Se me escapa una risa amarga. La psiquiatra me mira sin comprender. Estoy tan nerviosa que la palabra «marido» me ha hecho gracia. Le pido disculpas y hace un gesto con la mano para restarle importancia.

—Al ir rebajándole la dosis es muy probable que sufra cambios de humor. Tiene que estar preparada para eso. —Clava sus ojos en los míos. Asiento, haciéndole ver que lo comprendo—. Usted no ceda a sus demandas. Si grita, que grite. Si se enfada, que se enfade. Si llora, que llore. Pero no flaquee.

—Está hablando de él como si fuese un drogadicto —digo con un hilo de voz.

—Voy a serle sincera: estos medicamentos no tienen por qué causar adicción. Es más, no deberían hacerlo. Pero en algunas personas la mente es más poderosa que ellas y las controla de tal forma que les causa abstinencia. Eso es lo que le sucede a su marido: es su mente la que lo convence de que las necesita.

Me llevo una mano al cabello, me lo toco un poco nerviosa y estresada. No entiendo todo esto. No sé si realmente estoy preparada. Me gustaría decir que sí, pero jamás he tenido que lidiar con una persona que tuviese dependencia a algún tipo de sustancia. Y encima Héctor no es que sólo se haya tomado un montón de pastillas, sino que también le ha cogido el gustillo al alcohol. ¿Por qué no me dijo jamás nada sobre eso? Debería haberme preparado si pensaba que podía caer de nuevo.

—Pero no se preocupe. Se recuperará. Sólo necesita poner de su parte.

Y esa afirmación me da pavor. Héctor me lo ha dicho: le gusta tomarlas. Le hacen sentir bien y mal al mismo tiempo. Se las toma para tener pensamientos que deberían estar fuera de su cabeza. Ojalá, ojalá ponga de su parte.

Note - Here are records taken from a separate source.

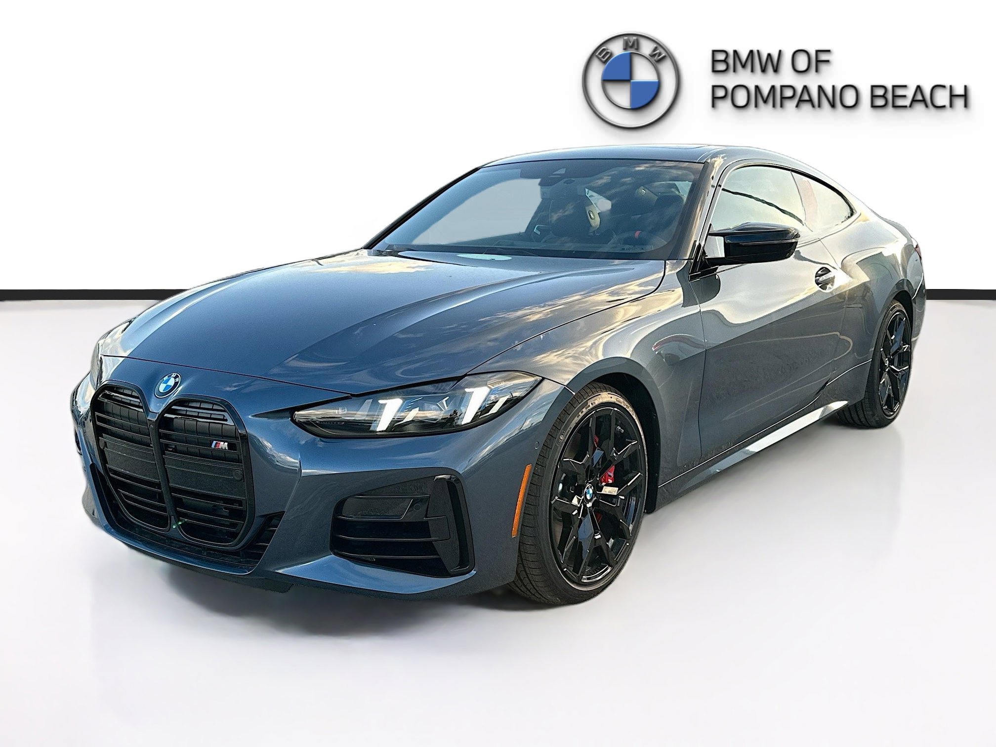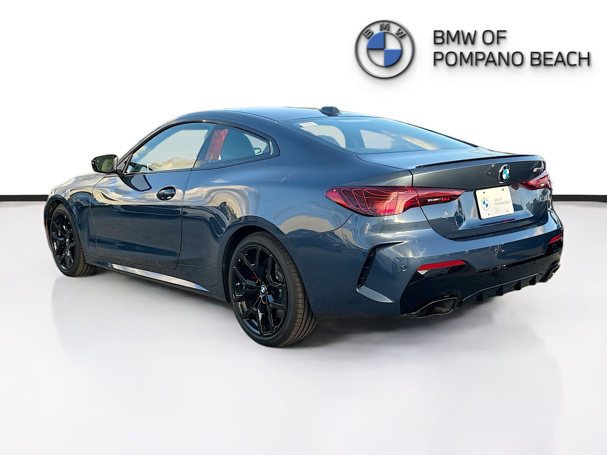 Blue Metallic 2026 BMW 4 Series M440i RWD 8-Speed Automatic Sport 3.0L I6. Equipped with Connected Package Pro Limited Term, 10 Speakers, 4-Wheel Disc Brakes, 48V Mild Hybrid System, ABS brakes, Air Conditioning, Alloy wheels, AM/FM Radio, AM/FM radio: SiriusXM with 360L, Audio memory, Auto High-beam Headlights, Auto-dimming door mirrors, Auto-dimming Rear-View mirror, Automatic temperature control, BMW TeleServices, Brake assist, Bumpers: body-color, Compass, ConnectedDrive Services, Delay-off headlights, Driver door bin, Driver vanity mirror, Dual front impact airbags, Dual front side impact airbags, Electronic Stability Control, Emergency communication system: BMW Assist eCall, Exterior Parking Camera Rear, Four wheel independent suspension, Front anti-roll bar, Front Bucket Seats, Front Center Armrest, Front dual zone A/C, Front reading lights, Fully automatic headlights, Garage door transmitter, Heated door mirrors, Heated Front Seats, Heated front seats, Heated steering wheel, Hi-Fi Sound System, HVAC memory, Illuminated entry, Knee airbag, Leather steering wheel, Low tire pressure warning, Lumbar Support, Memory seat, Navigation, Navigation System, Occupant sensing airbag, Outside temperature display, Overhead airbag, Overhead console, Panic alarm, Passenger door bin, Passenger vanity mirror, Perforated SensaTec Upholstery, Power door mirrors, Power driver seat, Power Front Seats, Power moonroof, Power passenger seat, Power steering, Power windows, Radio data system, Rain sensing wipers, Rear anti-roll bar, Rear reading lights, Rear seat center armrest, Rear window defroster, Remote keyless entry, Security system, Speed control, Speed-sensing steering, Speed-Sensitive Wipers, Split folding rear seat, Spoiler, Sport Seats, Sport steering wheel, Steering wheel mounted audio controls, Tachometer, Telescoping steering wheel, Tilt steering wheel, Traction control, Trip computer, Turn signal indicator mirrors, Variably intermittent wipers, Wheels: 19 x 8 M Dual-Spoke Bicolor and Wireless Device Charging.
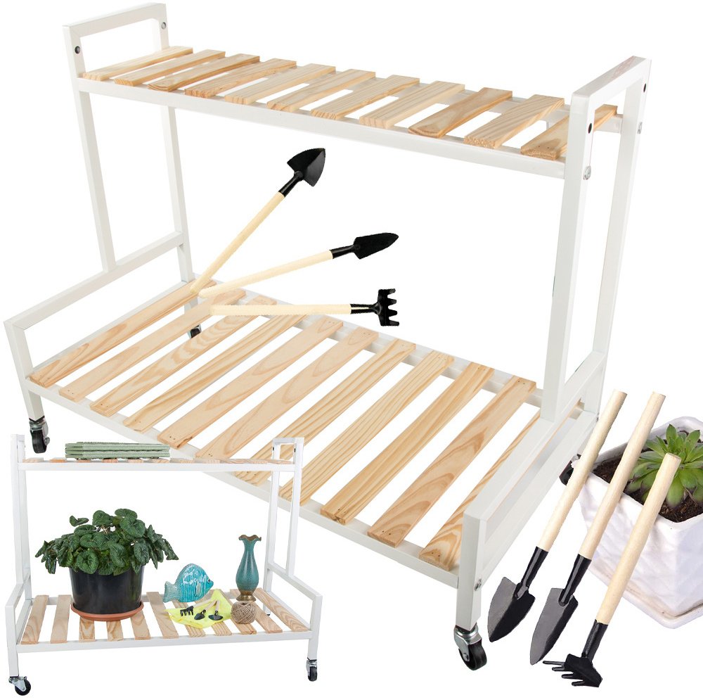 Kwietnik drewniany na kwiaty doniczkowe dwupoziomowy półka na kółkach taras
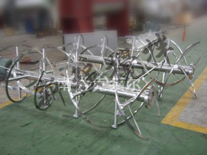 GLD攪拌器應用于高粘度(超過100,000cp)的流體攪拌中,有較好的傳熱和表面新效果。其結構形式有單螺帶和雙螺帶二種。不同數量的翼片,不同螺距以及不同形式的螺帶可以根據不同的攪拌要求而特殊制作。
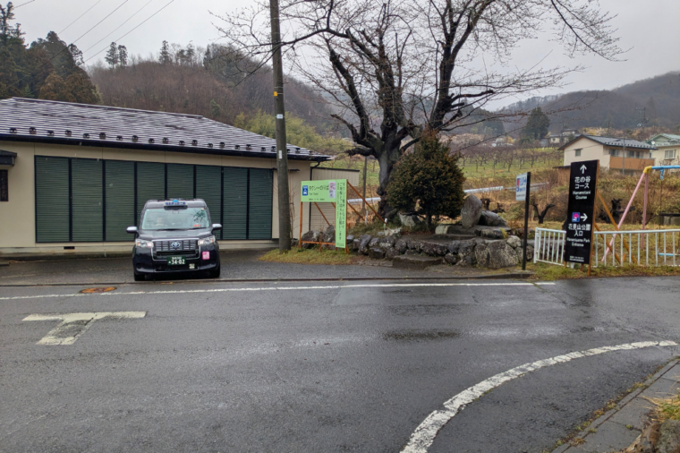 「物産ひろば」の裏手には「花見山本部」や「タクシー専用乗降所」があります。東町集会所に戻らずとも、ここから定額タクシーが利用できるので、電話や配車アプリでタクシーを手配するのがオススメです。

—Mañana me pasaré otra vez por aquí para indicarle la nueva dosis. Luego tendrá que ir a su psiquiatra.

Me da la mano. La mía tiembla. Esboza una sonrisa, pero se me antoja que no es sincera. Cuando se marcha, me vuelvo hacia la habitación. Héctor está mirándome a través del cristal. Me observa con esos ojos enfadados, melancólicos y desconocidos que lo han invadido desde hace un tiempo.

Tengo muchas ganas de llorar, pero me controlo. Entro en la habitación y me siento a su lado. Todo el rato que me quedo con él lo pasamos en silencio, cogidos de la mano. Nos hablamos con miradas, con gestos y con caricias.

—Te quiero —le susurro contra la frente, antes de marcharme, ya que no permiten que me quede a pasar el resto de la noche con él.

Y durante unos segundos sus ojos brillan como en nuestros primeros días. Pero tan sólo eso, tan sólo unos segundos que son demasiado breves, que no son nada.